Though even by removing them manually and restarting the deployment after the upgrade we saw the same errors.

@laserpedro This is extremely surprising to me. Are you able to share what you did to remove the webhooks, and what errors you continued to see?

@jmdeal thanks you for watching this issue.

This morning I tried to upgrade again to reproduce the behavior I witnessed:

  • upgrade the helm chart version from 0.37.3 to 1.0.5
  • ArgoCD synch the Karpenter application
  • From the ArgoCD UI perspective the validating and mutating webhooks are deleted and the operators restarted.
  • RECTIFICATION: my apologies @jmdeal the sequence of errors is a bit different sorry for this but with my repetitive attempts to upgrade I mixed the errors.
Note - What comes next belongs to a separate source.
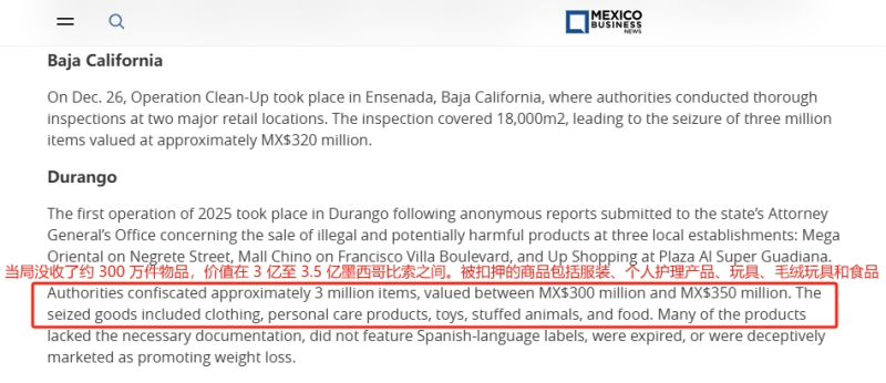 根據墨西哥經濟部的報告顯示,本次行動涉及超過300萬個非法商品,包括食品、玩具、服裝、化妝品等多種商品,其中很多都缺乏必要的文件,例如不符合墨西哥標簽、產品的有效期不可見或過期產品,或者被誤導性地宣傳為有助于減肥的功效,存在嚴重的安全隱患。

So after the controller is restarted it displays the error:
    failed calling webhook \"defaulting.webhook.karpenter.k8s.aws\": failed to call webhook: the server rejected our request for an unknown reason"
    The I manually delete the validating and mutating webhooks using a kubectl delete and then I restart the operator:
    I am witnessing now on the controller logs:

{"level":"ERROR","time":"2024-10-04T05:22:08.702Z","logger":"webhook","message":"http: TLS handshake error from 10.247.80.103:50080: read tcp 100.67.7.198:8443->10.247.80.103:50080: read: connection reset by peer\n","commit":"652e6aa"} (our node sg is properly configured to accept TCP from the control plane on 8443)

I guess this time it is the conversion webhook that cannot establish the connection with the control plane (10.247.x.x matches my control plane cidr range , 100.67.x.x matches my dataplane cidr range). Please rectify me if my understanding is not correct here.
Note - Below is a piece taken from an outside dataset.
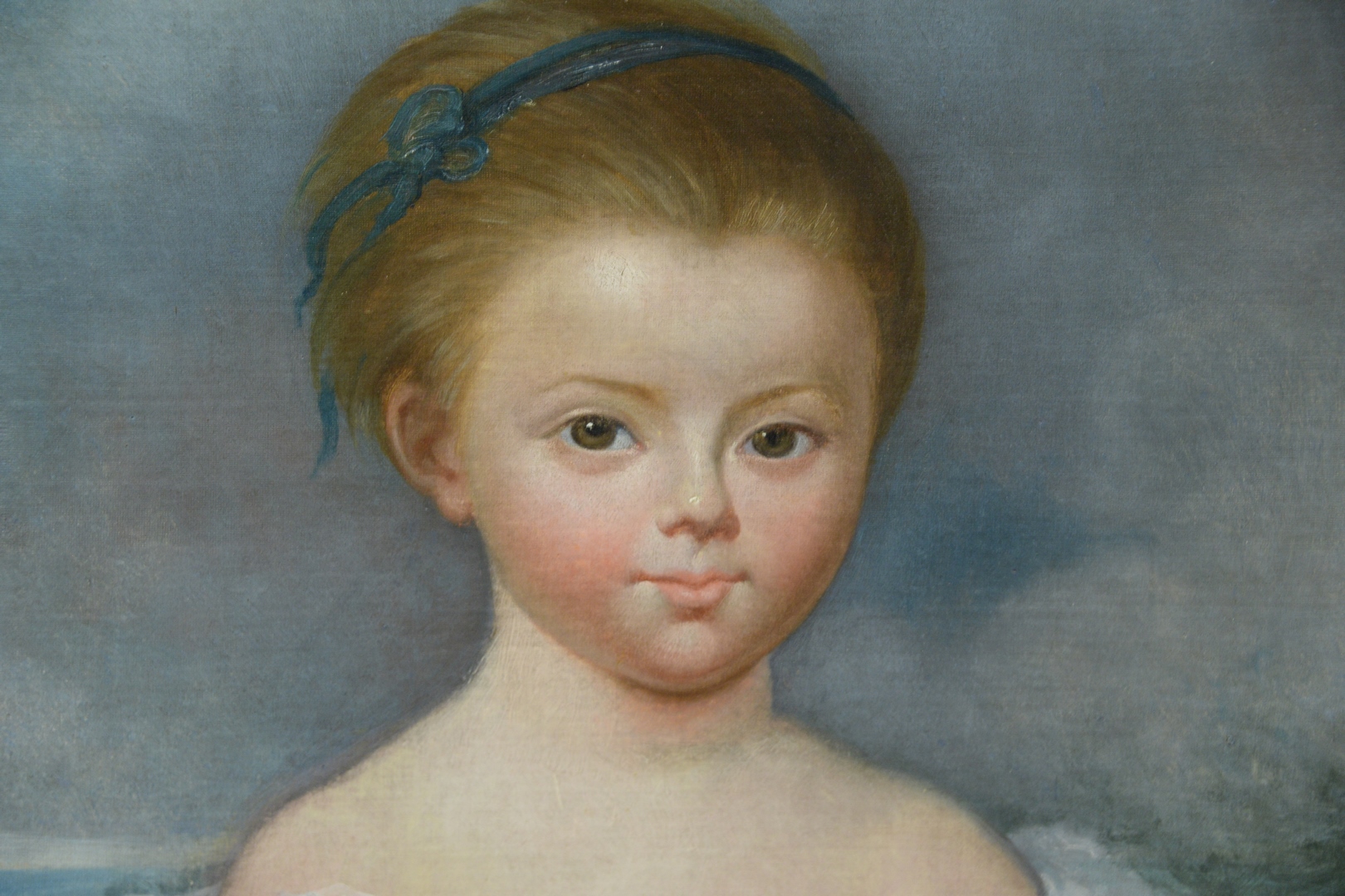 American School 19th Century, portrait of a little girl in a white dress with a blue hair ribbon and flowers in her hand, oil on relined canvas, unsigned, 21 1/4 x 25 1/4.

(I am also seeing a synch error from ArgoCD on the cpu limits where "1000" is casted as 1k (but that is more related to ArgoCD I guess, and let s solve one problem at a time).)

We just released latest patch versions of pre-v1.0 versions that fix this issue so that these configuration resources aren't leaked. Please use one of the following versions prior to going to 1.0.x since these versions remove the ownerReference that is causing Argo to leak the resources and causes the failure on upgrade:

  • v0.33.10
  • v0.34.11
  • v0.35.10
  • v0.36.7
  • v0.37.5

Also, this seems related to points discussed in #6982 and #6847. See this comment for a description of why this occurs.
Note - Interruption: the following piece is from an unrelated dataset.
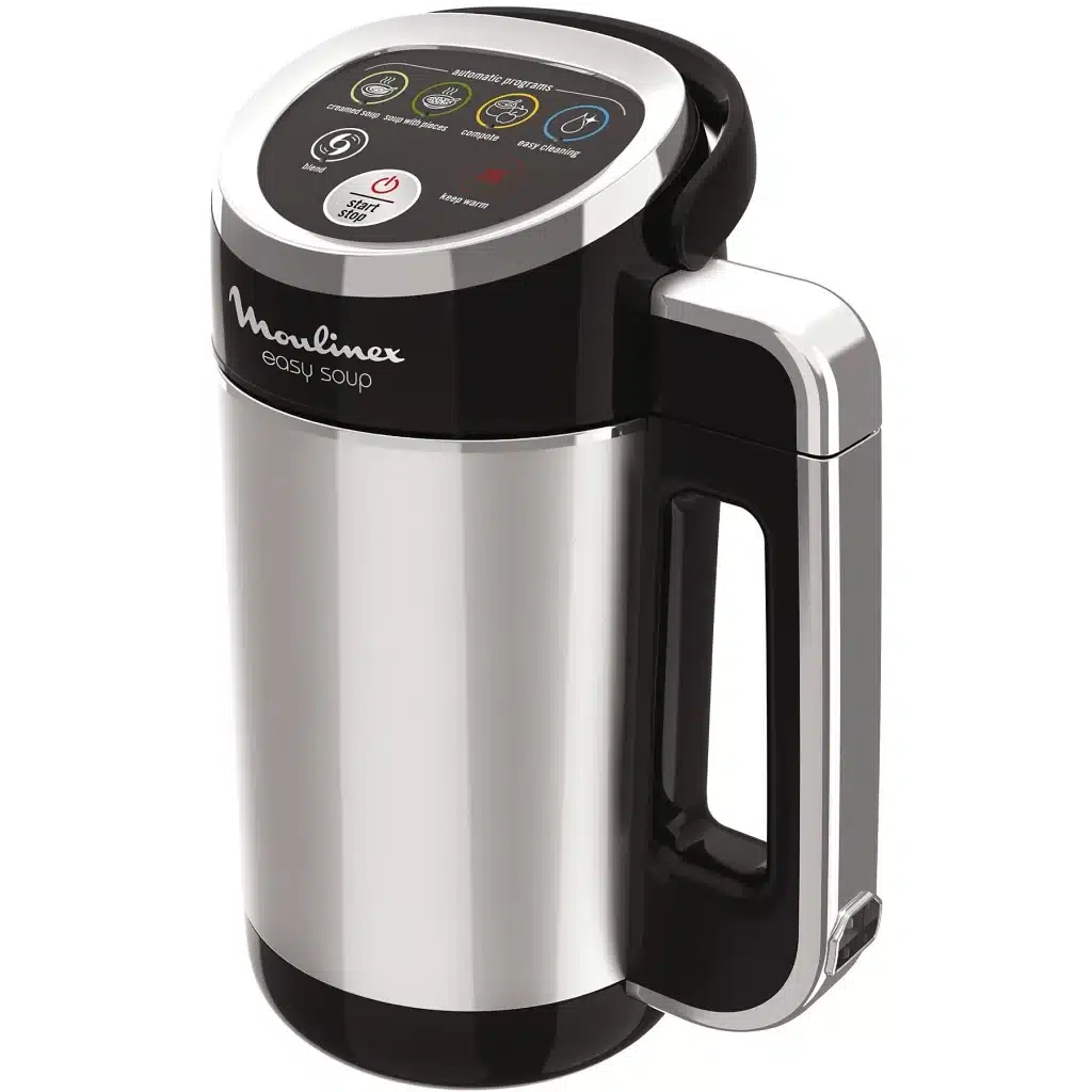 Il n’est pas évident de choisir un blender chauffant lorsque plusieurs marques et plusieurs modèles s’offrent à vous sur internet ou dans les catalogues. Par contre, certains appareils comme le Morphy Richards Smart Control M501020EE sont très prisés par le grand public en raison de leur bon rapport qualité-prix. Offrant 8 programmes différents, ce cuiseur en milieu de gamme connaît un énorme succès car il permet de mouliner de gros morceaux et de réchauffer les préparations, ce qui est idéal pour les amoureux de soupes. Son bol amovible facilite son nettoyage, d’autant plus qu’il dispose de la fonction pré-nettoyage. La contenance du bol est de 1.6 litre, mais vous pouvez aussi l’utiliser pour concocter une ration de 800 millilitres. De plus, le temps de préparation n’est que de 20 à 30 minutes suivant les plats, et les préparations peuvent être maintenues au chaud pendant une trentaine de minutes car le bol est en inox. Toutefois, la température de chauffe peut être assez élevée en début de préparation. Une vigilance est donc de mise au moment d’ajouter les ingrédients.

The I manually delete the validating and mutating webhooks using a kubectl delete and then I restart the operator:
I am witnessing now on the controller logs:

{"level":"ERROR","time":"2024-10-04T05:22:08.702Z","logger":"webhook","message":"http: TLS handshake error from > 10.247.80.103:50080: read tcp 100.67.7.198:8443->10.247.80.103:50080: read: connection reset by peer\n","commit":"652e6aa"}

(our node sg is properly configured to accept TCP from the control plane on 8443)

This appears to be this issue: #6898. This is a spurious error that happens generally in k8s when using webhooks, you should be able to safely ignore it. There's more context in an older issue: kubernetes-sigs/karpenter#718. If you think there's an issue with Karpenter's operations that are related to this error, please leave an update in #6898.

I'm going to close this issue out now that the releases with the fixes have been made.